Appendix B: Crotched Mountain Experience
Our initial experience in this field has involved bringing 4 cerebral palsied children from Crotched Mountain Center to MIT for three sessions and later taking our equipment to their residential treatment center for a week.
We worked with 9 cerebral palsied children, 7 deaf children and 6 children diagnosed as autistic. The following example is intended to give a flavour of what was achieved.
Case: Jay
Jay is an 18 years old with no effective use of hands or legs or speech. He is experienced in the use of a headstick with which he can type, touch slowly and inaccurately, on an electric typewriter. Unfortunately he showed very little inclination to use this facility until he met a computer console. After approximately 3 hours on our system Jay’s enthusiasm had become so great that he spent a full week back at the Center typing a long and elaborate letter home to his parents explaining what he had done with the computer. Then in the week we spent at the Center, he learned to draw some very elaborate and handsome pictures. The interest of these events is greatly increased by the fact that Jay’s intellectual potential had previously been assumed to be extremely slow. Jay’s experience with the computer demonstrated for the first time a high level of analytic and of spatial ability.

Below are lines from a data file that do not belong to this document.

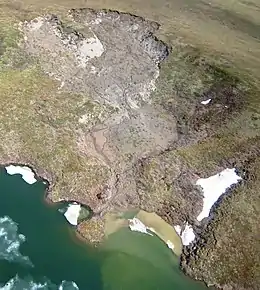 Le dégel du pergélisol entraîne la formation de lacs thermokarstiques dans les dépôts de yedoma riches en glace[45]. (Le méthane gelé dans le pergélisol est lentement libéré à mesure que le pergélisol fond.)
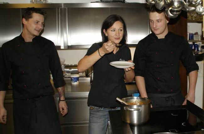 Die Stammgäste als "Probe-Esser" So ist die "Wallburg" nicht nur am Wochenende beliebtes Speiselokal, auch an den Werktagen herrscht laut Sandra Aumüller reger Betrieb. "Die Frauen gehen heute öfter aus als früher", stellt Gaby Aumüller fest. "Bei der Sandra" treffen sich die Damen vom Frauenchor, die "Wellness-Schnecken" und der Wanderverein "Hüm und drüm vom Maa". Die müssen dann auch mal als "Probe-Esser" herhalten, wenn Markus Aumüller und sein Team in der Küche mit Nadja, Anka und Patrick etwas Neues ausprobieren.
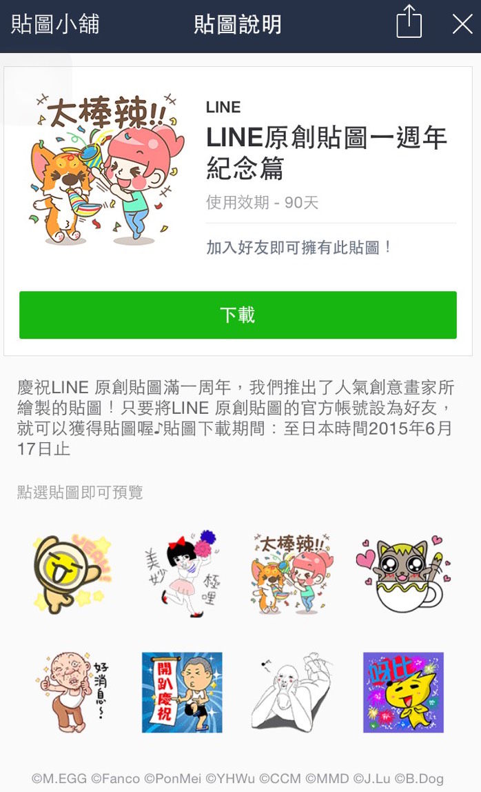 紀念篇中集結了目前台灣原創貼圖人氣插畫家,包含「米滷蛋」、「賤女奈奈」」、「椪妹柯基」、「GoGoCat果貓貓」、「台客阿公」、「台客阿祥」、「崩潰先生」、「Bigdog大狗小貓隨手畫」的1週年限定貼圖!請各位務必下載這款超珍貴的貼圖喔!!
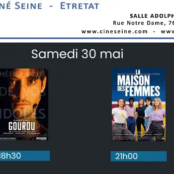 Rendez-vous à la salle Adolphe Boissaye à Etretat pour découvrir en famille : - "Gourou" (2025) - un film de Yann Gozlan - à 18h30 - "La maison des femmes" (2026) - un film de Mélisa Godet - à 21h
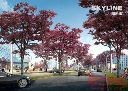 设计团队通过中央林荫大道将地块自然划分为南北区。北区为生态山高级住宅及SOHO区。中央林荫生态艺术大道成为项目枢纽,并直接连接起两侧各主要商业广场及主题商业设施。林荫道南侧为兰花谷商业区,由五个兰花花脉构成一个完整的建筑群体,并坐落在森林MALL之上,成为项目的核心。兰花谷南侧为小尺度特色步行街——绿叶街。兰湾及运河将最南侧兰花主题酒店岛分隔成一个安静的四面观景的岛屿,成为项目最南端的特色区域。基地周围被水系及森林湿地公园环绕,构建成一个独特的城市场所与生态环境。
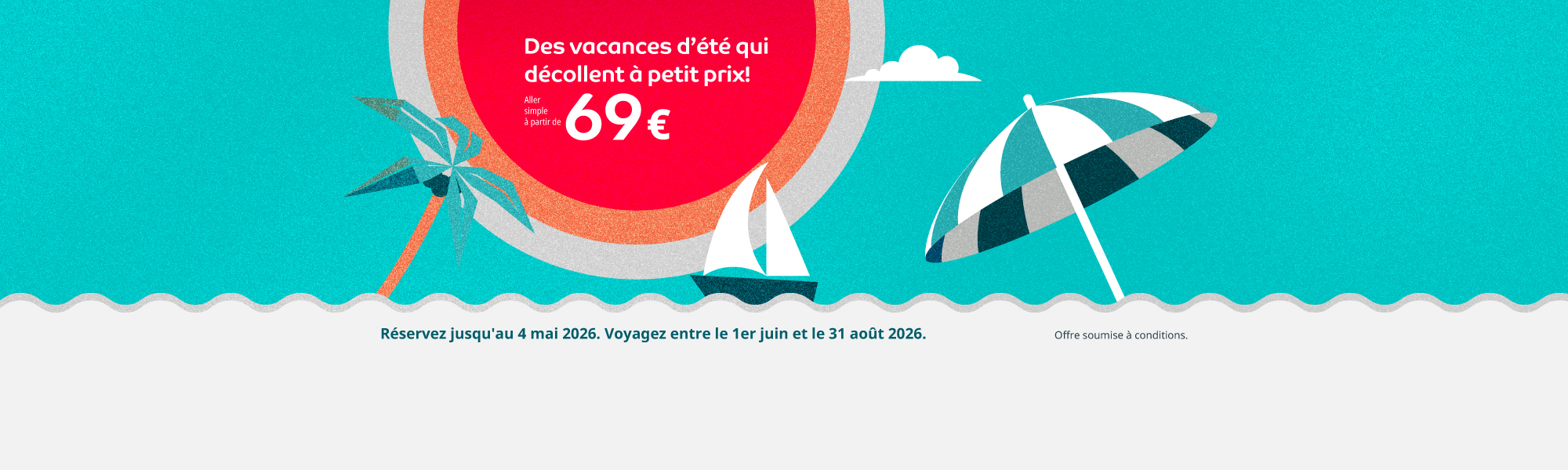 Rendez cet été inoubliable avec des tarifs aller simple à partir de seulement 69 €. Réservez tôt, économisez plus et commencez le compte à rebours pour votre prochaine escapade !
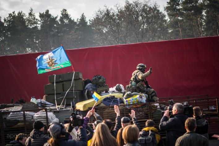 2 батальйон 95 Житомирской отдельной аэромобильной бригады отправляется домой в Житомирскую область. Это те самые ребята, которых прозвали "киборгами". Бойцы пробыли год на войне. Помимо Донецкого аэропорта десантники обороняли Славянск и Дебальцево. Киевляне встречали героев на Бориспольской трассе.
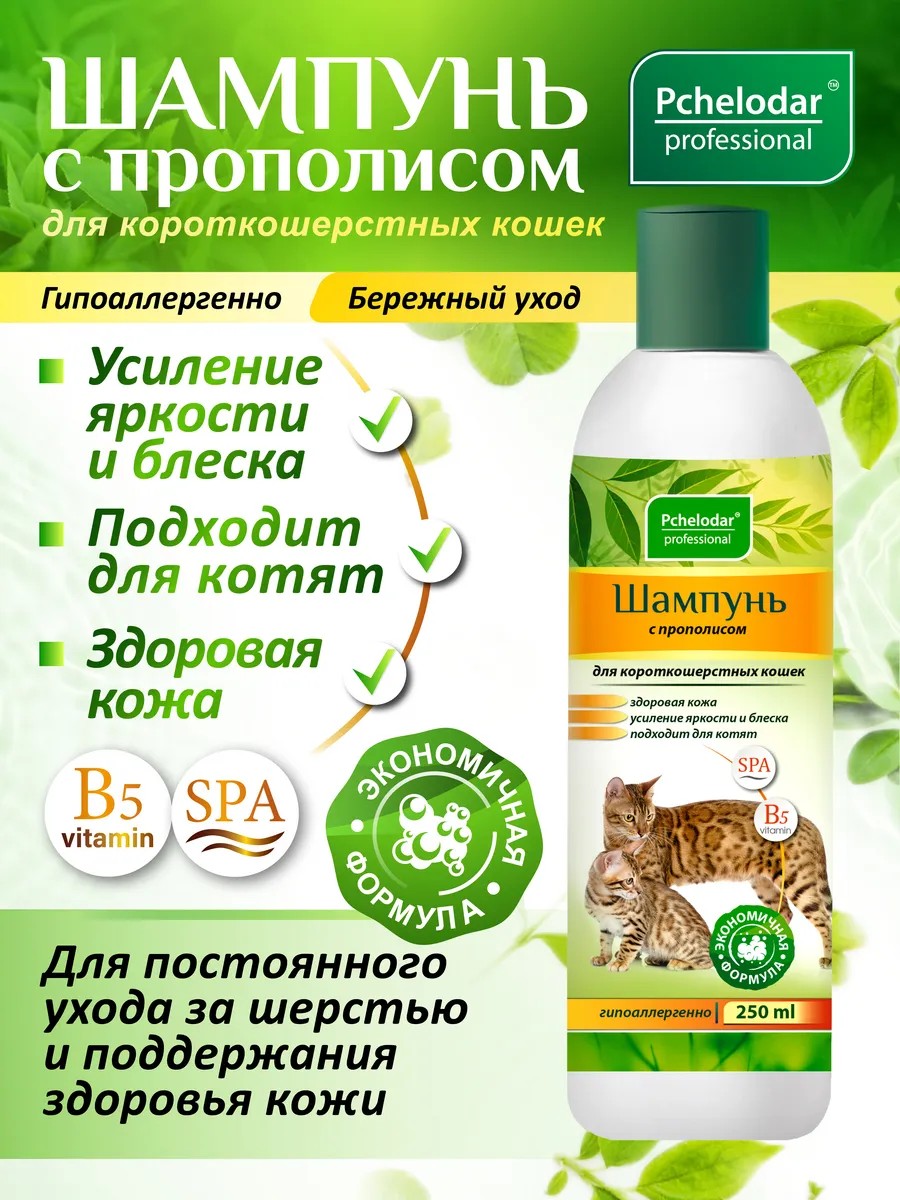 Ваш питомец заслуживает только лучшего, и мы рады представить вам шампунь для короткошерстных кошек с прополисом Пчелодар. Этот уникальный продукт не только эффективно очищает шерсть вашего кота, но и заботится о здоровье его кожи.
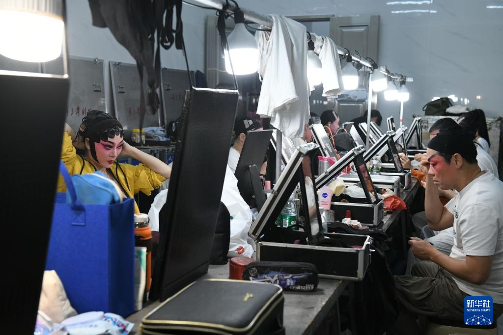 2月25日晚,在广东省湛江吴川市塘下村文化广场,广东粤剧院一团演员在后台化妆,准备演出。
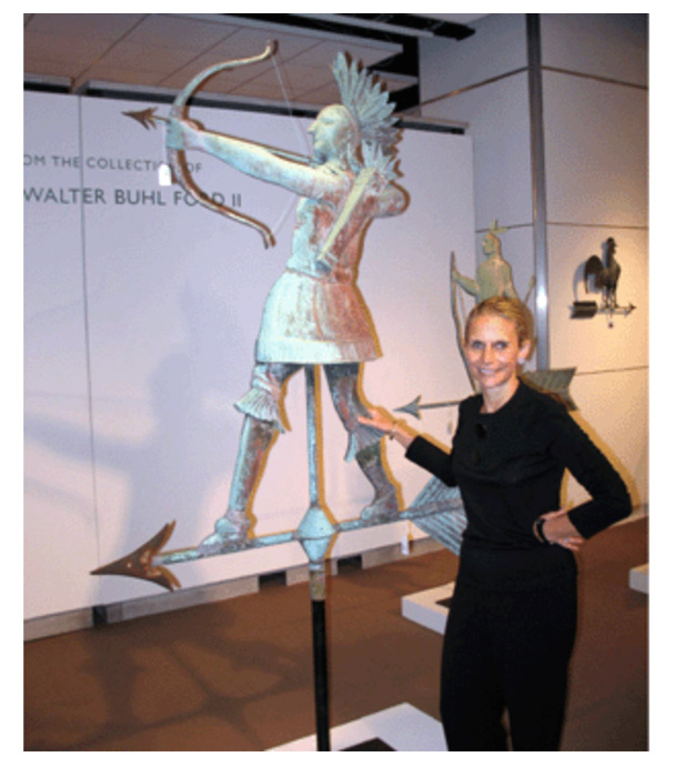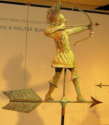 It was reported “the weathervane represents the best of the Nineteenth Century mentality about the nobility of the Native American. As a sculpture, the figure has perfect expression, proportion and patina,” said New York dealer Sy Rappaport, an advisor to the Lauren’s. Source: www.antiquesandthearts.com. It is acknowledged by Sotheby’s specialist Nancy Druckman the piece was probably a special commission for a fraternal lodge or community institution. “It’s a masterpiece in every respect; remarkable for its size, condition and artistry,” noted the head of Sotheby’s American folk-art department, describing the auction as one of the most exciting events of her 30-plus-year career at the New York-based auction house. Image courtesy of:antiquesandthearts.com

On the next pages we have samples of the computer programs which Jay wrote by himself during the first two days of his work with us at our own laboratory. Note that the first procedure, which he named MOM, required a right turn in order to draw the circle, and that he adjusted that turn slightly, adding five degrees to it, which caused the next procedure, GOING, not to close. By using four MOM’s in GOING and eight GOING’s in DAD’s, Jay was able to multiply the effect, producing a more intricate design. Jay began drawing a car, but did not have time to finish it or to make the changes needed to turn it right side up.
TO MOM
10 FORWARD 60
20 RIGHT 5
30 RIGHT 90
40 ARCL 360 20
END
TO GOING
10 MOM
20 MOM
30 MOM
40 MOM
END
TO DADS
1 GOING
2 GOING
3 GOING
4 GOING
5 GOING
6 GOING
7 GOING
8 GOING
END
TO JAY
1 DADS
2 DADS
3 DADS
END
TO CAR
10 SQR 100
20 RIGHT 90
30 ARCL 360 15
40 LEFT 90
50 FORWARD 58
60 RIGHT 90
70 ARCL 360 15
ENDOriginally published as MIT Artificial Intelligence Laboratory Memo No. 496 / LOGO Memo No. 51, September 1978. © Massachusetts Institute of Technology 1978.